Revisiting the Role of Foundation Models in Cell-Level Histopathological Image Analysis under Small-Patch Constraints -- Effects of Training Data Scale and Blur Perturbations on CNNs and Vision Transformers

This study demonstrates that for cell-level histopathological image analysis under extreme spatial constraints, task-specific architectures trained on sufficient data outperform foundation models in both accuracy and efficiency, while offering comparable robustness to blur perturbations.

Hiroki Kagiyama, Toru Nagasaka, Yukari Adachi, Takaaki Tachibana, Ryota Ito, Mitsugu Fujita, Kimihiro Yamashita, Yoshihiro Kakeji

Published 2026-03-05
📖 4 min read☕ Coffee break read

The Big Picture: Looking at a Grain of Sand

Imagine you are trying to identify different types of ants. Usually, scientists look at a whole ant colony or a large group of ants to figure out what species they are. They have plenty of space to see the ants' legs, wings, and how they move together.

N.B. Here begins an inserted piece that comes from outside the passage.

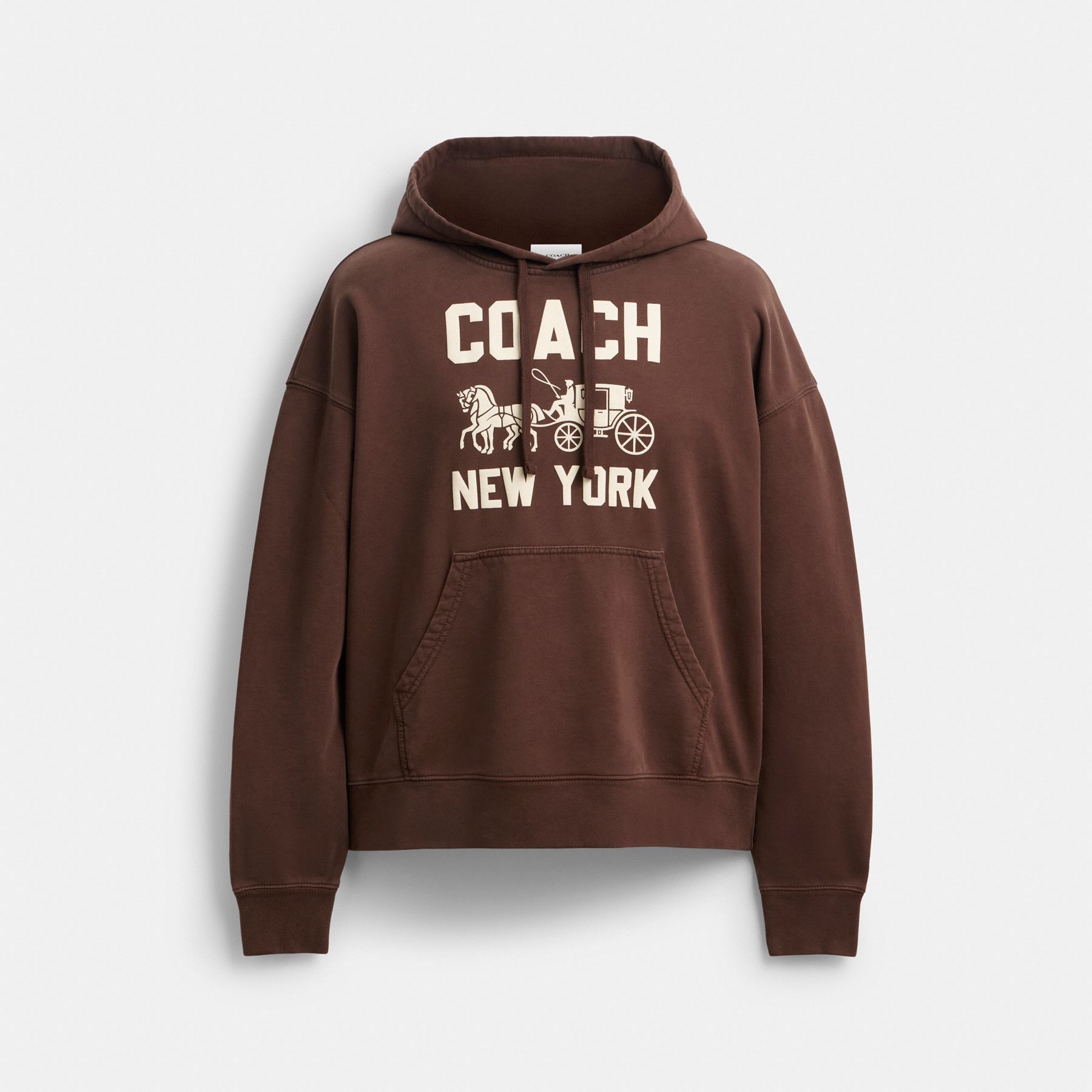 This relaxed-fit cotton sweatshirt is printed with a Coach graphic featuring our iconic Horse and Carriage motif. Garment-washed for a soft, lived-in feel, the hoodie is finished with a kangaroo pocket and ribbed trim.

But in this study, the researchers had a much harder job. They were forced to look at one single ant cell at a time, and the image they had to work with was incredibly tiny—like trying to identify an ant by looking at just one single grain of sand that the ant is standing on.

In the world of medical imaging, this is called "cell-level analysis" on "small patches" (40x40 pixels). It's like trying to recognize a famous actor's face when you are only allowed to look at a single pixel of their nose.

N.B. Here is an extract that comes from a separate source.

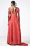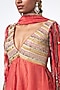 Featuring a coral anarkali in tissue and georgette base with applique embroidery. It is paired with pants and a dupatta. Accentuate it with statement earrings, a clutch bag and metallic heels for festive occasions or sangeet ceremony.

The Question: Do "Super-Brains" Help?

In the world of Artificial Intelligence (AI), there are "Foundation Models." Think of these as super-brains that have read millions of books and looked at millions of standard-sized photos (like cats, dogs, and cars) to learn how to recognize things. They are huge, expensive, and very powerful.

The researchers asked: "If we give these super-brains a tiny, grain-of-sand image, will they still be the best at identifying the cell?"

They compared these giant, pre-trained super-brains against smaller, custom-built "task-specific" models (like a specialized tool made just for this one job).

The Experiment: Training the Models

The researchers gathered a massive amount of data: 185,000 tiny cell images from colorectal cancer patients. They then trained different types of AI models on this data, starting with very small amounts and gradually increasing the size, like a student studying for a test.

They tested three main things:

  1. How much data do they need? (Does the super-brain need less study time than the custom tool?)
  2. How fast are they? (Can they make a diagnosis quickly?)
  3. Are they tough? (What happens if the image is blurry, like looking through a dirty window?)

The Surprising Results

1. The "Super-Brain" Hits a Wall

At first, when the researchers had very little data (like a student who only studied for 1 hour), the Foundation Models (Super-Brains) were the winners. Because they had already learned so much from other photos, they could guess the answer even with very little new information.

However, as the researchers gave the models more and more data (up to 16,000 samples per class), the Super-Brains stopped improving. They hit a ceiling. They couldn't learn any more from the tiny grain-of-sand images because their training was based on big, clear photos.

2. The "Custom Tool" Wins with Practice

The Custom-Built Models (specifically a type called CustomViT, which is a Vision Transformer designed for small patches) started slow. They needed a lot of data to get good. But once they had enough data, they kept getting better and better.

Eventually, the CustomViT crushed the Super-Brains. It achieved a much higher accuracy (92% vs 78%) and did it much faster.

  • Analogy: Imagine the Super-Brain is a famous chef who knows how to cook a 10-course banquet but struggles to make a perfect single cracker. The CustomViT is a specialized cracker-maker who, after practicing a lot, makes the perfect cracker every time, faster and cheaper than the famous chef.

3. The "Blur" Test

The researchers also tested what happens if the images are blurry (like a camera out of focus).

  • Result: Both the Super-Brains and the Custom Tools got confused when the images were very blurry.
  • Key Takeaway: Having a "Super-Brain" didn't make the AI more immune to blur. If the picture is too fuzzy, even the smartest AI can't see the details. The Super-Brain wasn't "tougher"; it just started with a higher score on clear pictures.

The Final Verdict

When you have a tiny, low-resolution image (like a single cell):

  • Don't rely on the "Super-Brain" (Foundation Models) if you have enough data. They are too big, too slow, and they can't adapt well to such small details. They are like using a sledgehammer to crack a nut.
  • Do build a "Custom Tool" (Task-Specific Model). If you have a decent amount of data, a model built specifically for tiny images is faster, cheaper, and more accurate.

In short: For looking at tiny cells, a specialized, custom-built AI is the best doctor. The giant, pre-trained AI models are great for big pictures, but they get lost when the view gets too small.